Direct conversion from Collection<Long> to LongStream

Question

I have a Collection<Long> (obtained from a Map<UUID, Long>'s values() method) and I would like to convert it into a LongStream.

The simplest way I can think of is:

LongStream stream = map.values().stream().mapToLong(Long::longValue);

However it strikes me that there should be a simpler way to obtain primitive streams from Collections of boxed equivalents.

I checked StreamSupport and could only find StreamSupport.longStream(Spliterator.OfLong spliterator, boolean parallel), but there doesn't appear to be a simple way to obtain an OfLong spliterator instance from a Collection<Long> either.

I could of course create my own utility function which performs the above mapToLong functionality but if there's something built-in I'd rather use that.

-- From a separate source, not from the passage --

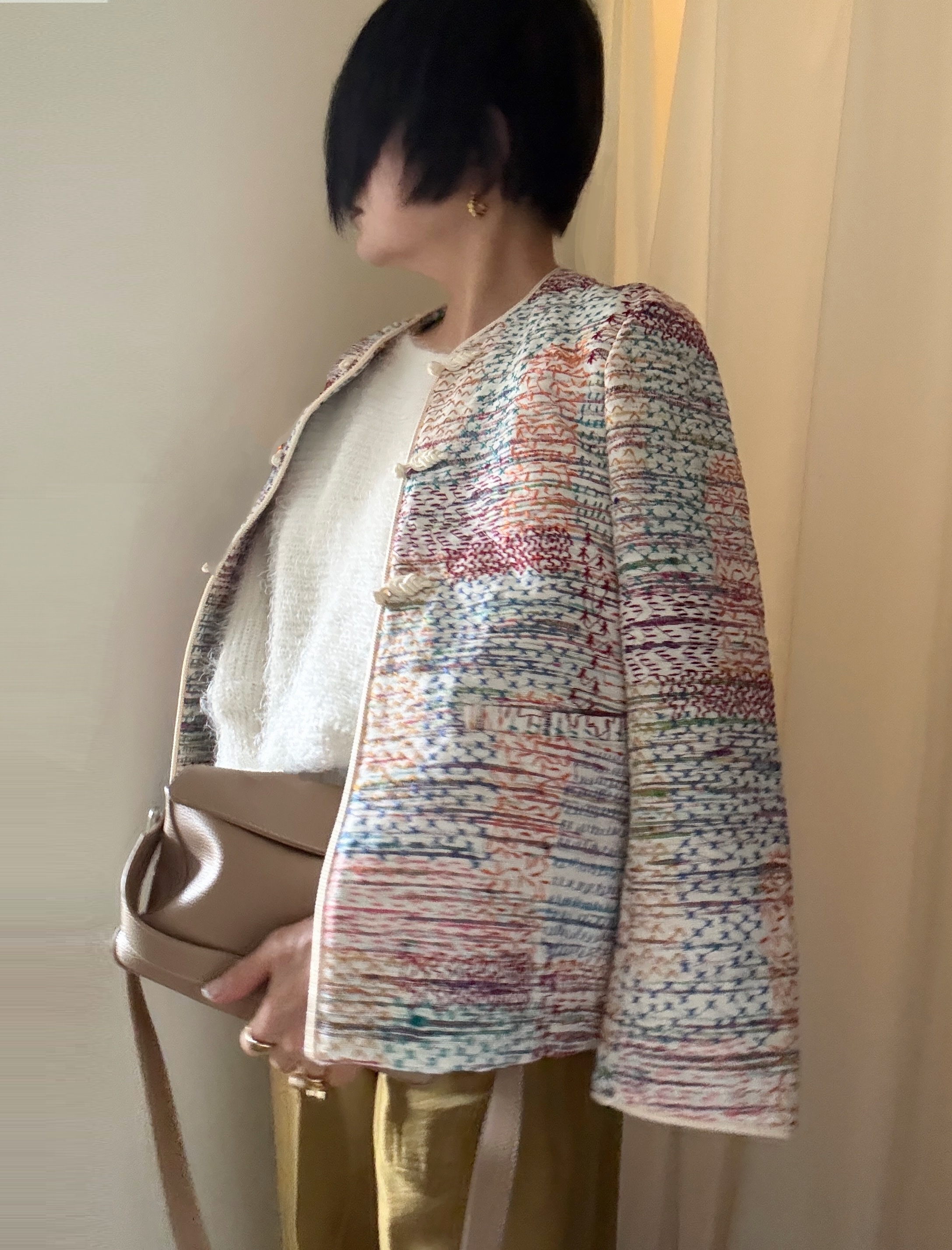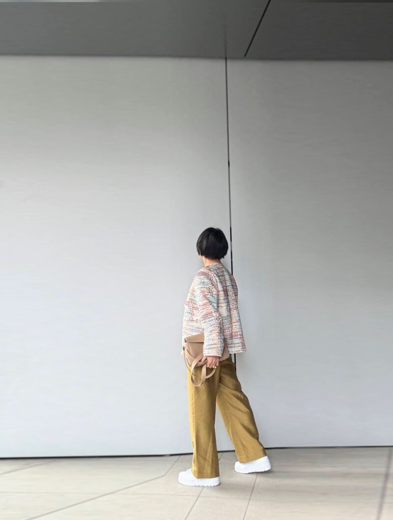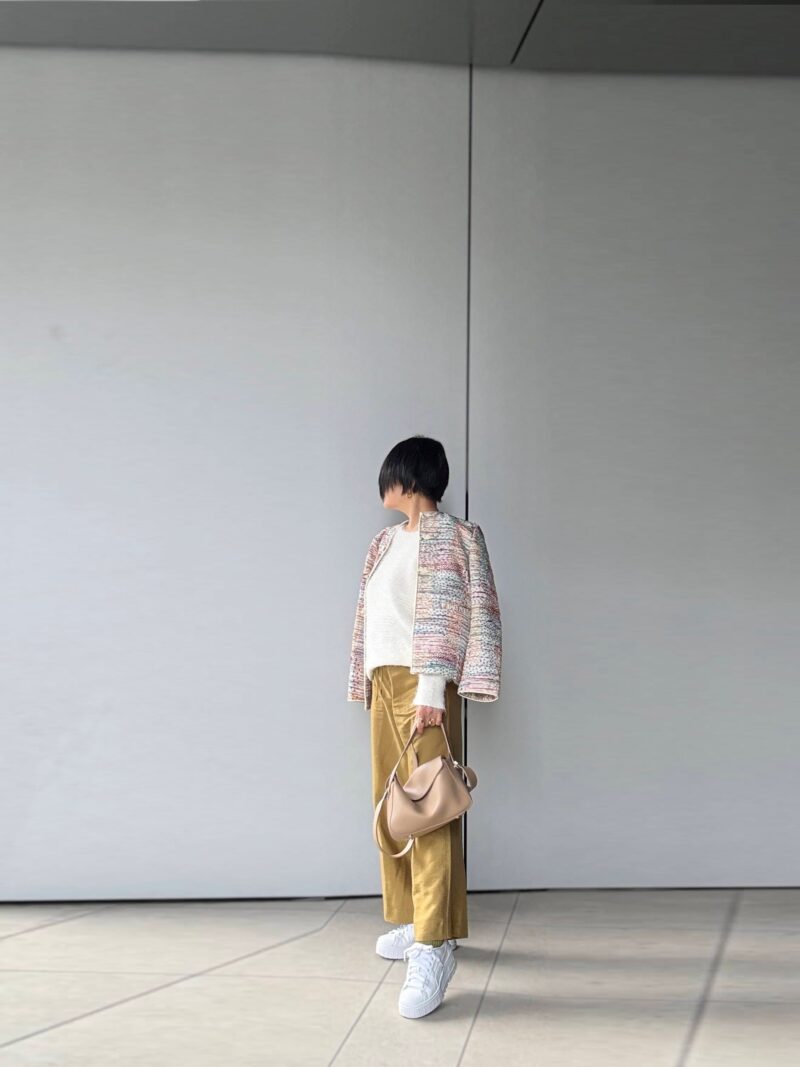 このジャケット、色がMIXされているのでどんな色のアイテムでも合う。よく見ると光ってる辛子色も混じっていたので今年買ったこのパンツを合わせてみた次第。
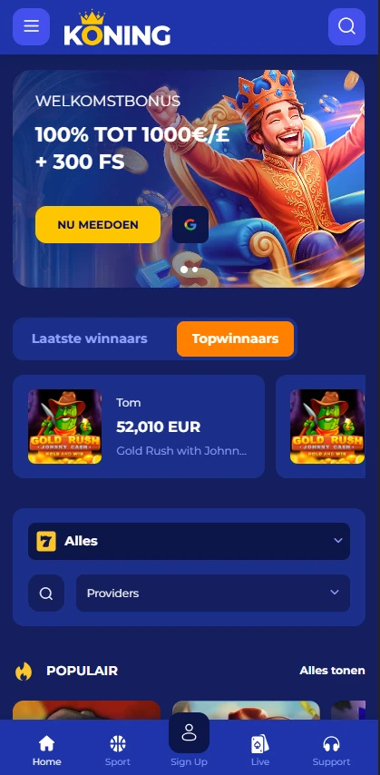 Onze mobiele oplossing houdt de volledige ervaring op één plek. Promoties, de volledige gamebibliotheek en accounttools zijn beschikbaar op mobiel, dus je hebt geen apart product nodig om te starten. Je profiel blijft gesynchroniseerd tussen apparaten, wat betekent dat je saldo, bonusstatus en recente games met je meegaan van telefoon naar desktop en weer terug. Voor veel spelers is dit de makkelijkste manier om KoningCasino te gebruiken zonder extra installaties.

Apologies also if this has already been asked - I had a search but could find nothing.

Answer 1

LongStream stream = map.values().stream().mapToLong(Long::longValue);

There are no shortcuts (or handy transition methods) in the standard library. I don't see anything wrong or verbose with the approach you mentioned. It's simple and straightforward, why would you need to look for something else?

You could create your own utility class to support it, though I don't think it would be extremely helpful.

public final class Streams {
    public static LongStream toLongStream(Stream<Long> stream) {
        return stream.mapToLong(Long::longValue);
    }

    public static Stream<Long> toStreamLong(LongStream stream) {
        return stream.boxed();
    }

    private Streams() {}
} 

Answer 2

Just let the compiler decide how to unbox Long instead of dictating him to call Long.longValue().

Straightforward:

Map<UUID, Long> map ...
LongStream stream = map.values().stream().mapToLong(l -> l);

or give this lambda a name and get a more readable version:

LongStream stream = map.values().stream().mapToLong(unbox())

ToLongFunction<Long> unbox() {
    return l -> l;
}

Maybe there is a unboxed() method as a counterpart to boxed() someday.